Un filet peut récupérer jusqu’à 2,5 tonnes et est fonctionnel entre six et huit ans, assure le créateur. « Grâce à l’équipement, on peut le retirer et le vider avec une grue. Sinon, c’est un système qui ne nécessite aucune source énergétique, compétence technique, qui est opérationnel 24 h/24 et sans présence humaine. Les paniers sont aussi très pratiques à équiper sur les avaloirs d’eau de pluie en milieu urbain. Finalement, ce sont les solutions les plus simples, les plus efficaces », sourit-il. Il estime que depuis 2015, plus de 250 tonnes de déchets ont été récupérées mais « qu’il reste encore beaucoup à faire quand on voit que 300 tonnes se retrouvent dans la Seine chaque année ».

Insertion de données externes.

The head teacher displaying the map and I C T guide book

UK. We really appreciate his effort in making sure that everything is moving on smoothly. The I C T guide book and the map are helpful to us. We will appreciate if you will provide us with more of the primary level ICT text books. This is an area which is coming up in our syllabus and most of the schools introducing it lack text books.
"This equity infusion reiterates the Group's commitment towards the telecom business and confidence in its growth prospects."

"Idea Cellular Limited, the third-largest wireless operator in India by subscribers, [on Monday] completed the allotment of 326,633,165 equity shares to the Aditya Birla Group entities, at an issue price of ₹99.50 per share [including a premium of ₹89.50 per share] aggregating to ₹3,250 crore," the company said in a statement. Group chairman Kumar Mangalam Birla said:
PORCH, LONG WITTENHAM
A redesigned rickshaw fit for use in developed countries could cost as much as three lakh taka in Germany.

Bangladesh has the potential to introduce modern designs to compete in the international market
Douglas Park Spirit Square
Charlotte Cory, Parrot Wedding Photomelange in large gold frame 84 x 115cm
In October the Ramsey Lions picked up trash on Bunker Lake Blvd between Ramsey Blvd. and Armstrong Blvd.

Un objectif de réduire de 80 % nos déchets d’ici dix ans

En dix ans d’existence, plus de 300 équipements ont été mis en place, partout en France. « La volonté est d’agir encore plus rapidement et d’être encore plus présents, explique le fondateur. C’est l’idée de la levée de fonds qu’on a faite [où 800.000 euros ont été investis]. » Le chef d’entreprise a pour ambition de devenir « l’un des leaders de la transition socioécologique », mais surtout que « dans dix ans, on n’ait plus besoin de ces dispositifs grâce à une réduction du flux de déchets anthropiques de 80 % ».

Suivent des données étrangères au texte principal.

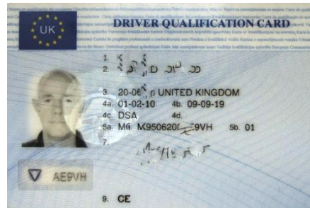
Driver Qualification Card (DQC)
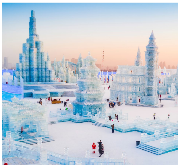
Harbin Ice and Snow World | 哈尔滨冰雪大世界
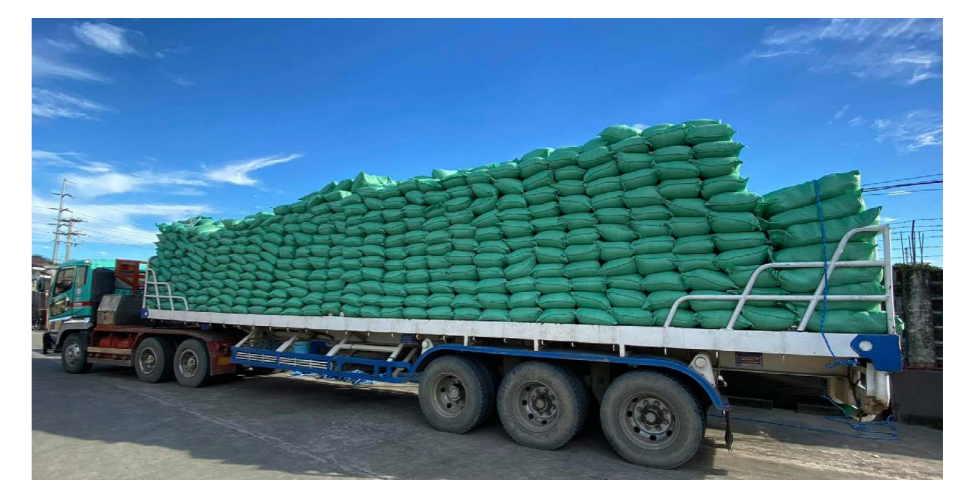
Caritas Australia's partners on the ground are distributing emergency food and medical supplies as typhoon season continues to unfold across South East Asia.

"People are in need of temporary shelters, they also need clean water, food, kitchenware and hygiene kits" says Ate. "They don't have any functional power and communications. The Manide and other vulnerable families are appealing for support and assistance from the good people of Australia."
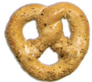
Apple Pie Stuffed Pretzel Item # 40320
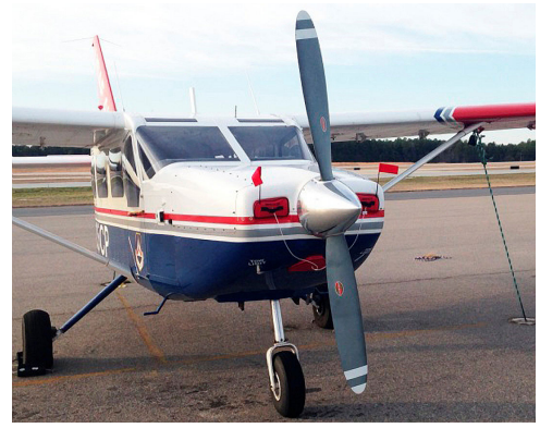
GA-8 Engine Inlet Plugs (set of 3)
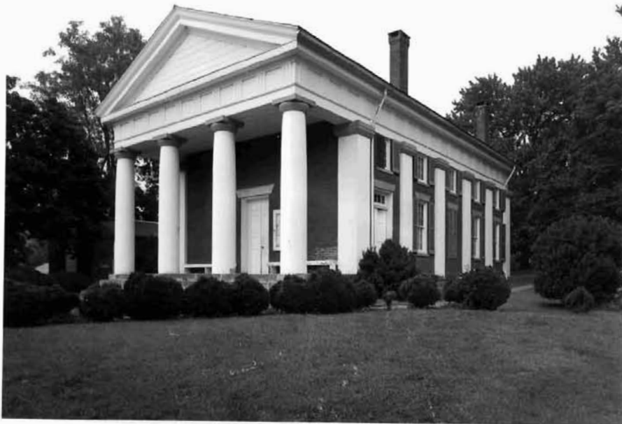
Figure 20 Fluvanna County Courthouse (DHR 32-13) Lindsay Nolting
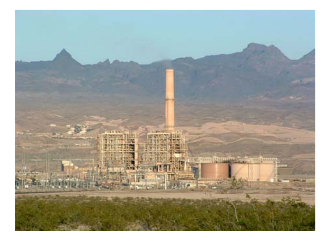
Placing mandatory limits on carbon dioxide emissions from coalfired power plants and other major sources is the best way to channel the ingenuity of America's industry to confront global warming.

To meet that deadline, America must show leadership and take decisive action right away. The United States is historically and currently the single greatest contributor to global warming, and U.S. emissions alone are expected to grow 13 percent over the
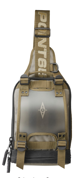
Color: Army Green
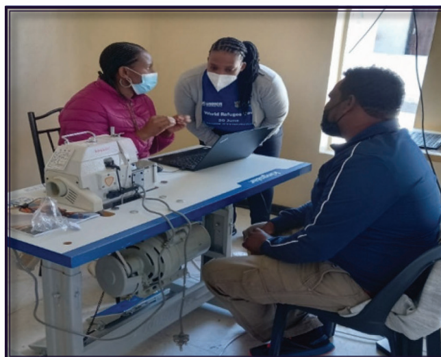
Skillshare Lesotho colleague and UNHCR staff member assisting PoC at the "Protection Desk" © UNHCR Photo|Precious Khomba.
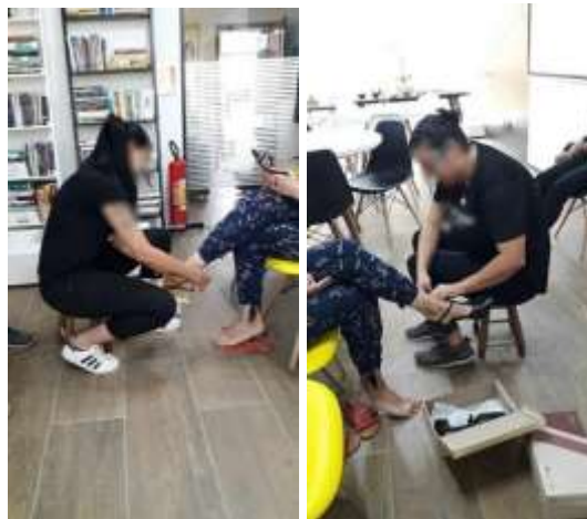
Figures 3 and 4 - Integration of the stool into work practice.

In Figure 1, it is noticeable that the saleswoman places all her body weight on her feet and does not maintain the spine properly aligned. In Figure 2, the saleswoman demonstrates an incorrect way to squat, flexing the trunk in an incorrect manner and overloading the spine.
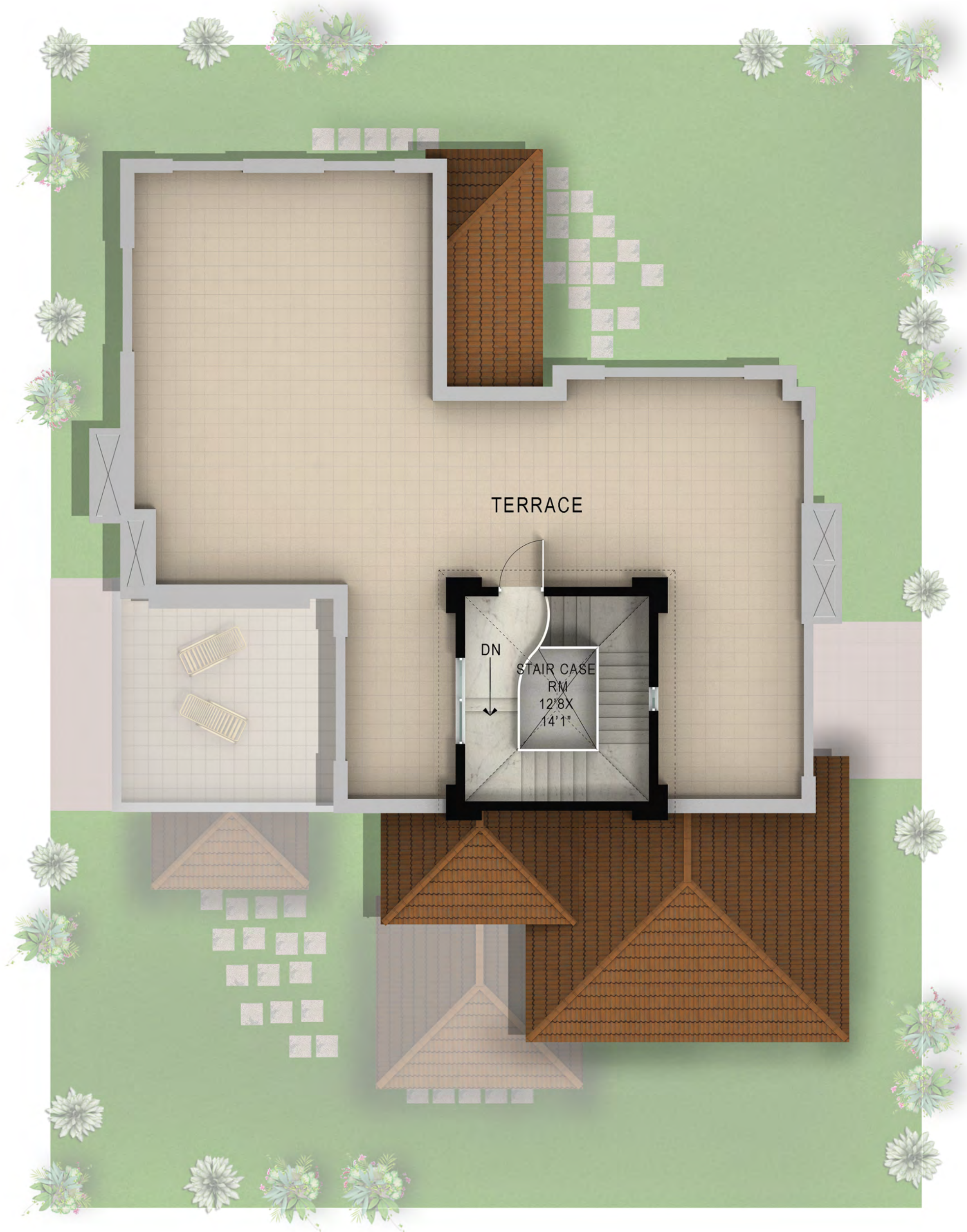
TERRACE FLOOR PLAN VILLA 60 X 80
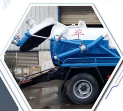
Ⓐ Rear door hydraulic open

Anti-overflow valve can prevent liquid overflow
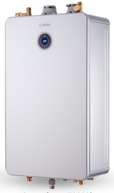
Greentherm T9900i SE indoor
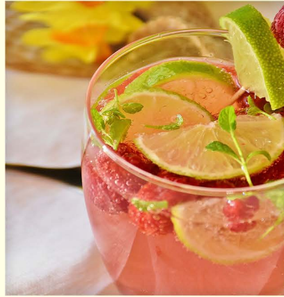
Las aguas frescas

A drink made of a combination of fruits, grains, flowers or seeds, blended with sugar and water.
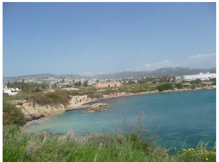
Here we are back where we parked the car. We see here Corallia Beach.
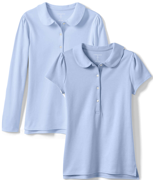
School Uniform Girls Short/Long Sleeve Peter Pan Collar Shirt Blue or White (No monogram if wearing under jumper)
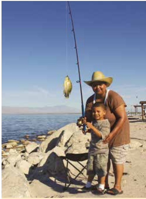
Fishing is popular at the Salton Sea.

The Salton Sea presently supports a significant number of threatened or endangered bird populations. With nearly 95 percent of California's wetlands converted
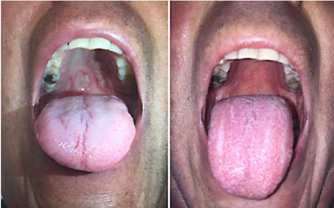
Fig. 1. Lesions of the tongue and palate before (left) and after (right) treatment with palliative radiation to the oropharynx.
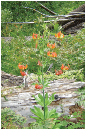
Wildflowers in meadow.

The hummingbird species of Idaho, Montana, and North Dakota are migratory, leaving in August to go to the wintering grounds in Mexico and returning to the US in April and May. Black-chinned, Calliope, Rufous and Broad-tailed hummingbirds breed in Idaho and Montana, while the Ruby-throated Hummingbird breeds in Eastern North Dakota. For hummingbird species to thrive, they need to find suitable habitat all along their migration routes, as well as in their breeding, nesting, and wintering areas. Even small habitat patches along their migratory path can be critical to the birds by providing places for rest and food to fuel their journey.
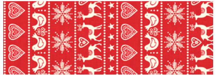
*1964 R Stripe
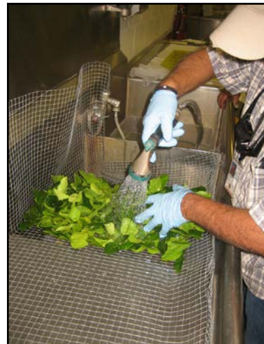
Figure 4. Rinse hose and mesh to support leaves.
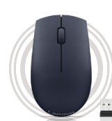
Lenovo 520 Wireless Mouse
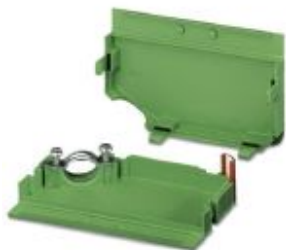
Cable housing, pitch: 0 mm, number of positions: 9, dimension a: 45 mm, color: green

Please be informed that the data shown in this PDF Document is generated from our Online Catalog. Please find the complete data in the user's documentation. Our General Terms of Use for Downloads are valid ( http://phoenixcontact.com/download )

Pour lui, « intercepter ne suffit pas ». C’est aussi dans cet esprit qu’il récupère quelques filets, normalement les collectivités s’en chargent, pour analyser leurs contenus. « Ça sert ensuite de données et ça peut aider à d’éventuelles impulsions pour des interdictions, comme pour les pailles, ou de preuves pour proposer des solutions alternatives. Malheureusement, c’est aussi une façon de voir le comportement inadmissible de certains êtres humains ».

Stéphane Asikian développe également une campagne de sensibilisation autour de la pollution avec des écoles, des associations locales de protection de l’environnement mais aussi avec une équipe dédiée à cette action « corrective » à travers des campagnes dans les collectivités qui le souhaitent.